Retail supermarkets constantly need to know about their customers and shopping behavior. The idea is simply to retain their loyalty and at the same time stretch them to spend more and attract more new customers.
A customer can become loyal only when he/she feel personalized: when they get things from supermarket according to their needs. For example if a customer buys a lot of cereals from a particular brand, upon receiving a discount on his/her next purchase for the very same item, he/she will feel valued for being loyal to the supermarket. More a customer becomes loyal, more deeper the supermarket can dig in his/her shopping behavior so as to keep on deliveing the good customer experience.
In retail, above practice is done by marrying cocnepts like Customer Segmenatation with Personalization. Not only retails; but industries like media, telecommunications, avaiation, financial institutions, insurance, automobiles all over the world are trying to retain this loyalty by focussing their microscopic lens towards the customers shopping behavior. Among them retail industry can do it better just because their data is huge.

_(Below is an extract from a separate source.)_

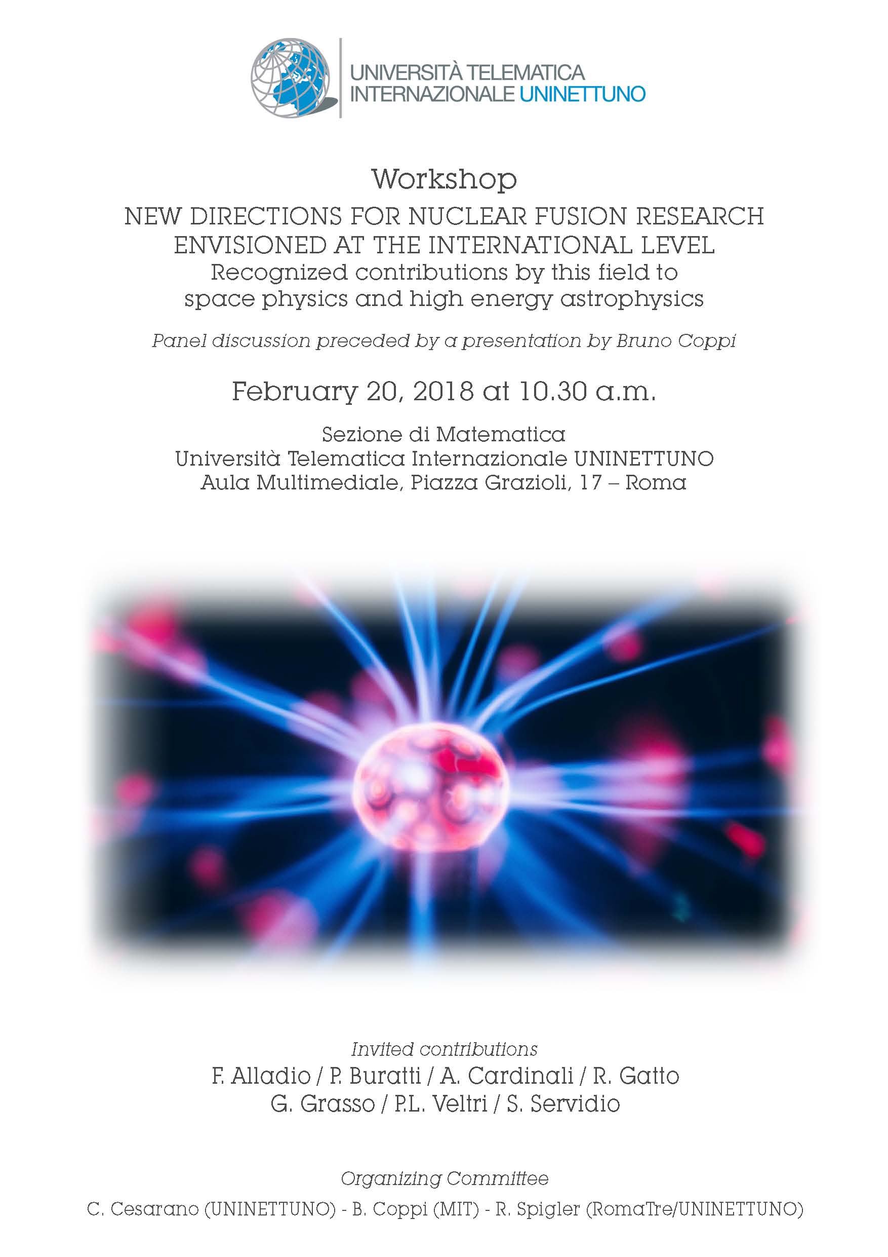 UNINETTUNO torna a ospitare il prof. Bruno Coppi, docente di Fisica al Massachusetts Institute of Technology e Premio Feltrinelli per la Chimica e la Fisica 2016. Il 20 febbraio, alle ore 10.30, nella Sala Multimediale dell’Ateneo (Piazza Grazioli, 17), Coppi apre il convegno dedicato a “New Directions for Nuclear Fusion Research Envisioned at the International Level”. Un incontro aperto a tutti – organizzato dalla Sezione di Matematica della Facoltà di Ingegneria UNINETTUNO – per fare il punto sullo stato dell’arte della ricerca internazionale sulla fusione nucleare. Ricerca che sta facendo grandi passi in avanti grazie anche al contributo di esperti di fisica dello spazio e di astrofisica dei plasmi.

In this project I would e using R, SQL and Tableau collectively and my focus will be two fold:
Customer Segmentation: Clustering customers according to their demographic and shopping behavior using Customer Value Model
I am using the transaction data of a US based retail supermarket chain. I can’t make the original dataset available (because of privacy concerns), but can show the approach to analysis. The data analysed here was part of a hackathon. The original retail dataset contained 2.5 million transaction records having sales for latest 2 years. The data has obviously been masked. The complete files (related to analysis and code) for the project can be found here. The overall data had 3 sets:
The raw data files were imported to Mirosoft SQL Server management studio before the analysis.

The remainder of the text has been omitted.